Cross-provider fallback
Because provider resolution is based on model name prefixes, fallback works seamlessly across providers. You can mix OpenAI and Anthropic models in the same fallback chain:
{
"model": "gpt-4o",
"fallbackModels": ["claude-sonnet-4-20250514", "gpt-4o-mini"]
}The only requirement is that the corresponding API key is set in the environment. If ANTHROPIC_API_KEY is not configured and a Claude model is in the fallback list, Stevora skips it (logs a warning) and moves to the next model.
Fallback with retry policies
Fallback and step-level retry are independent mechanisms.

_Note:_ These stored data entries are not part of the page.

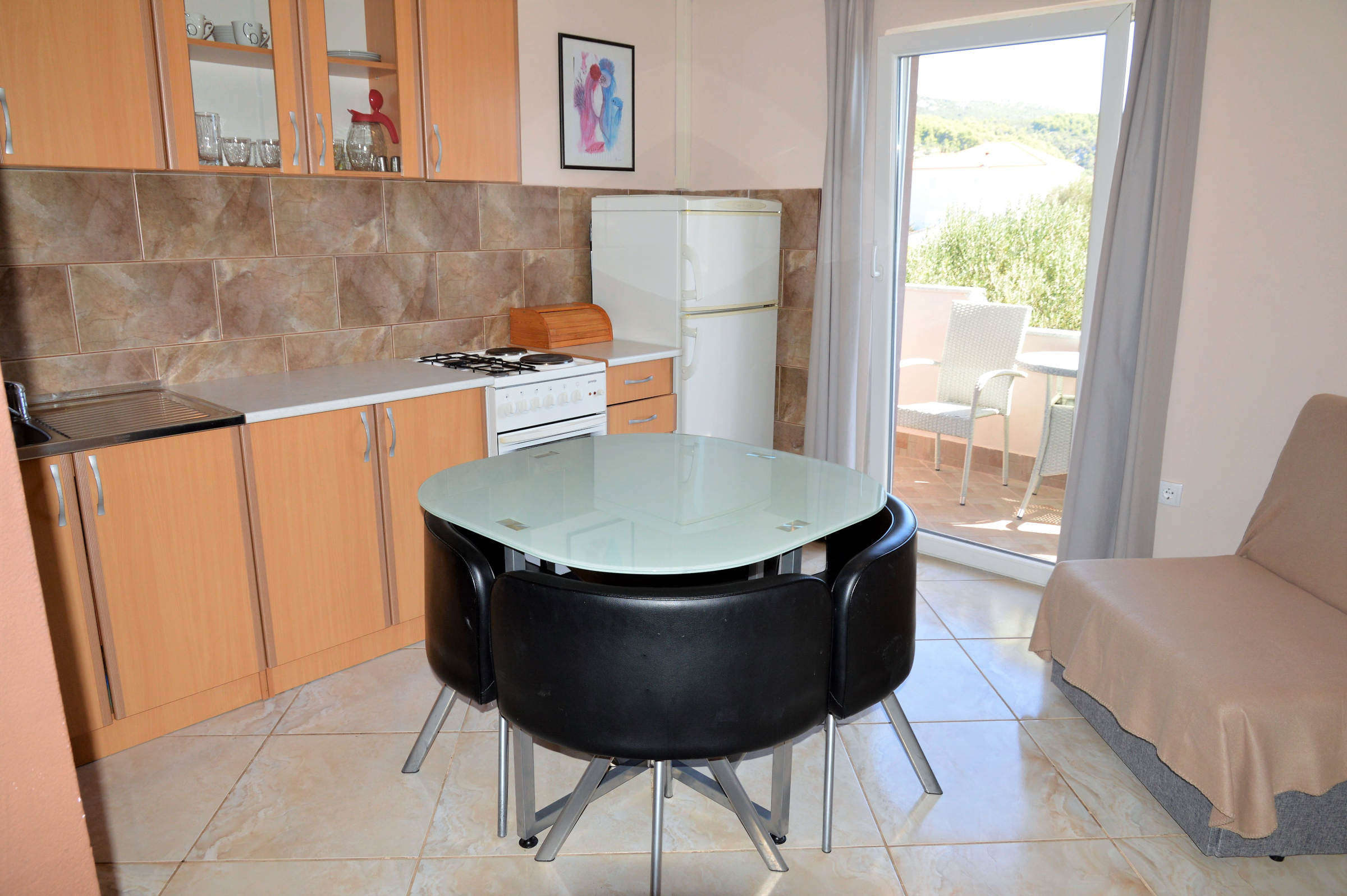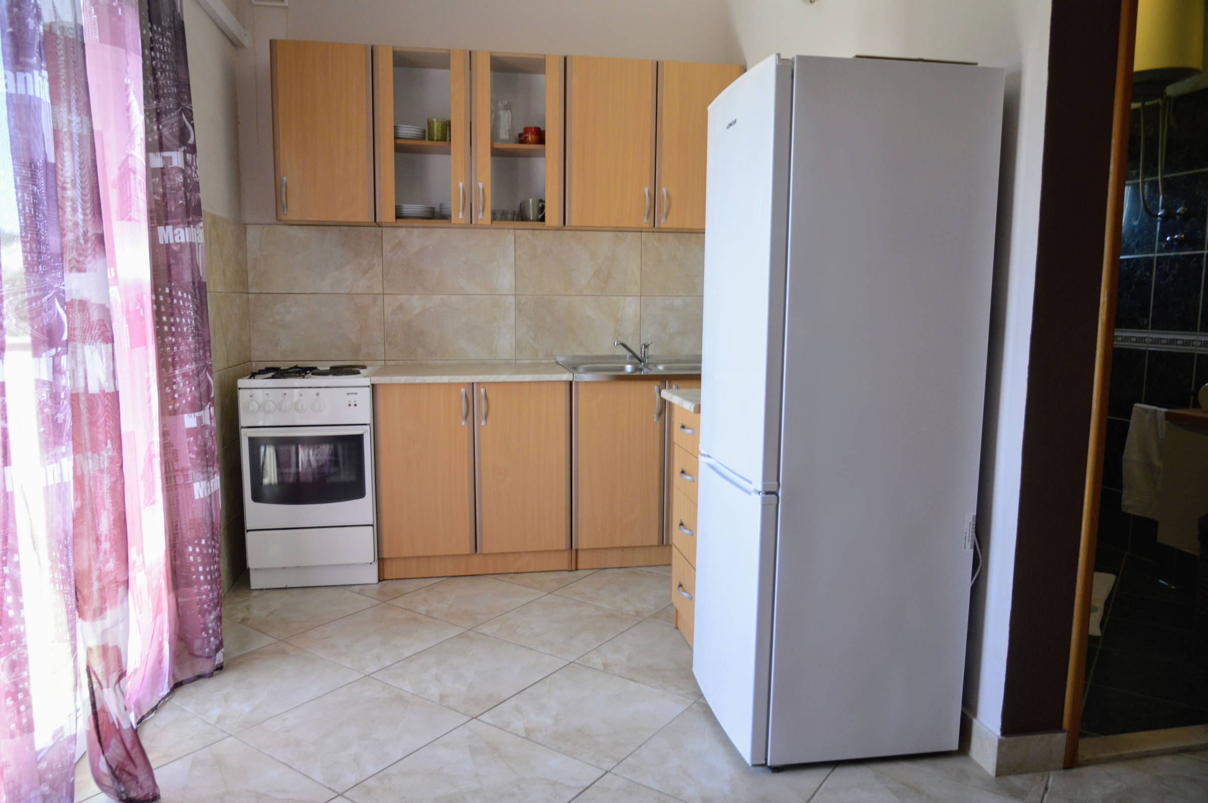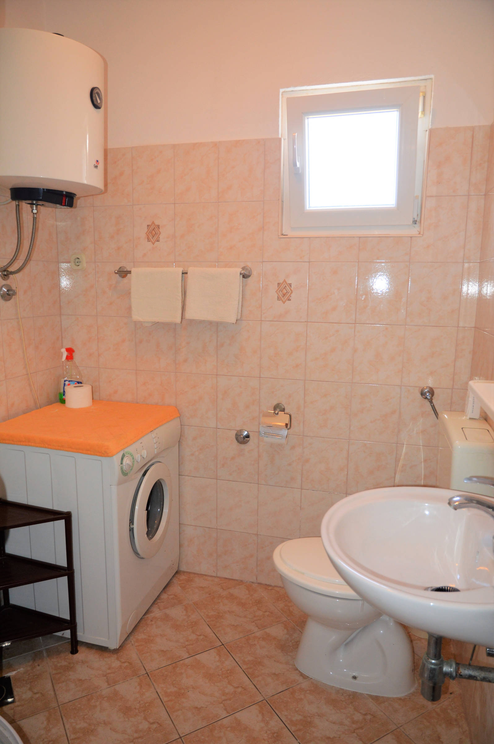 This 2 bedroom apartment is situated in place Poljica near Trogir in the first row from nice pebble beach with shallow sea . It has capacity 4 + 1 persons . There is only this apartment so other guests won’t bother you . It consists of kitchen with living room and dining room , 1 full bathroom (shower, hair dryer, washing machine), 2 bedrooms with double beds and spacious decked terrace.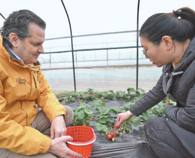 亞歷克斯探訪位于重慶渝北區(qū)的一家草莓園。重慶西部國(guó)際傳播中心供圖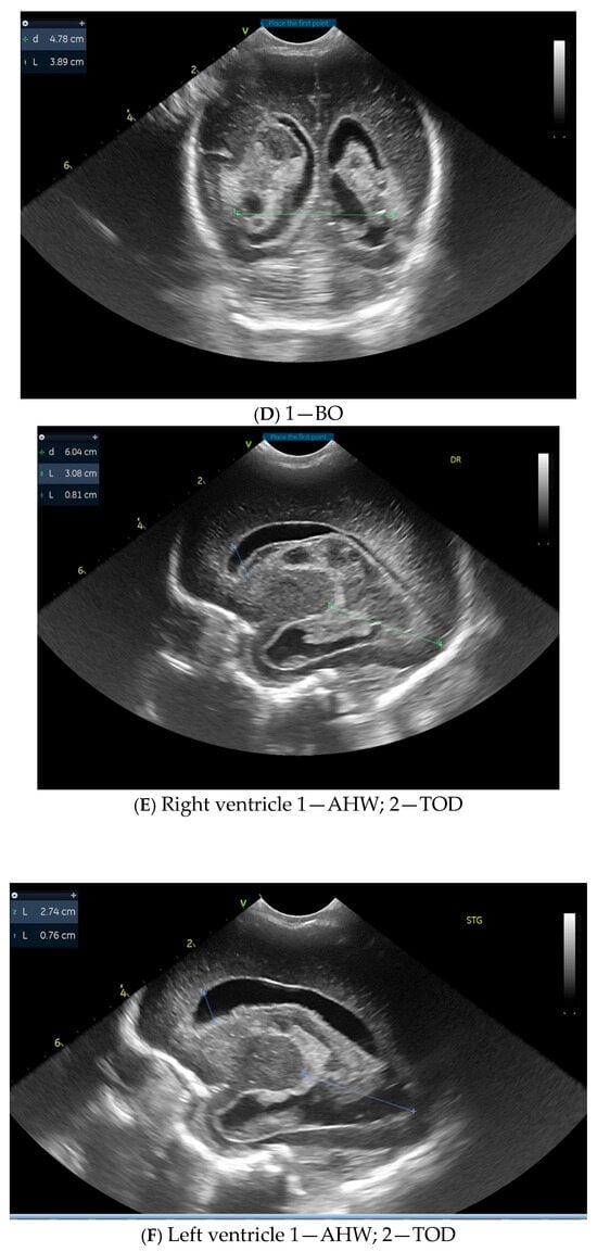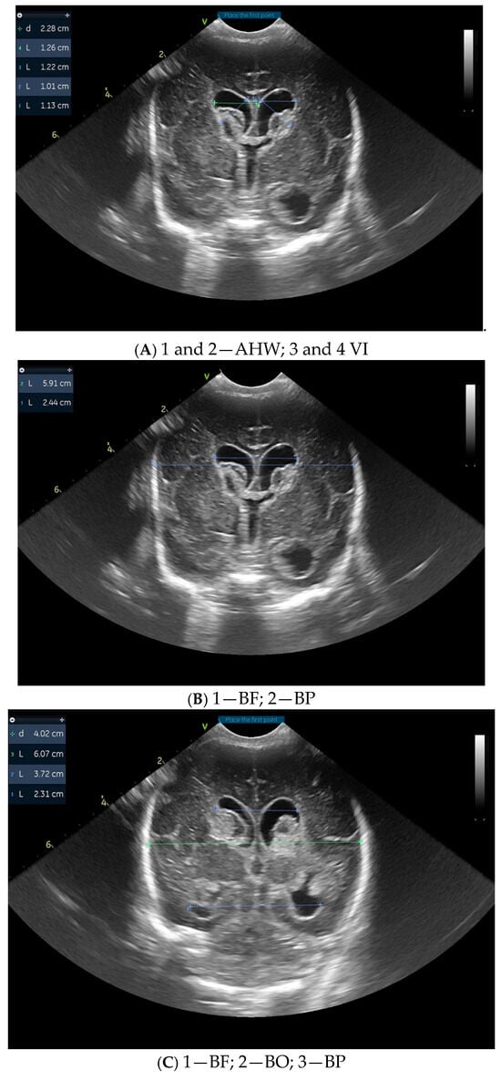 - Obeid, R.; Jacobs, M.; Chang, T.; Massaro, A.N.; Bluth, E.; Murnick, J.G.; Bulas, D.; Bandarkar, A.; Oluigbo, C.; Penn, A.A. The utility of the fronto-temporal horn ratio on cranial ultrasound in premature newborns: A ventriculomegaly marker. Pediatr. Res. 2021, 89, 1715–1723. [Google Scholar] [CrossRef] [PubMed]

The retry configuration on a step controls retries of the entire step (including all fallback attempts), while fallbackModels controls which models are tried within a single step attempt:
{
"model": "gpt-4o",
"fallbackModels": ["claude-sonnet-4-20250514"],
"retry": {
"maxAttempts": 3,
"backoffMs": 1000,
"backoffMultiplier": 2
}
}In this configuration, each retry attempt tries gpt-4o first and then claude-sonnet-4-20250514. If both fail, the step waits for the backoff period and retries the full sequence again, up to 3 times. This gives you up to 6 total LLM calls (2 models times 3 retry attempts) before the step permanently fails.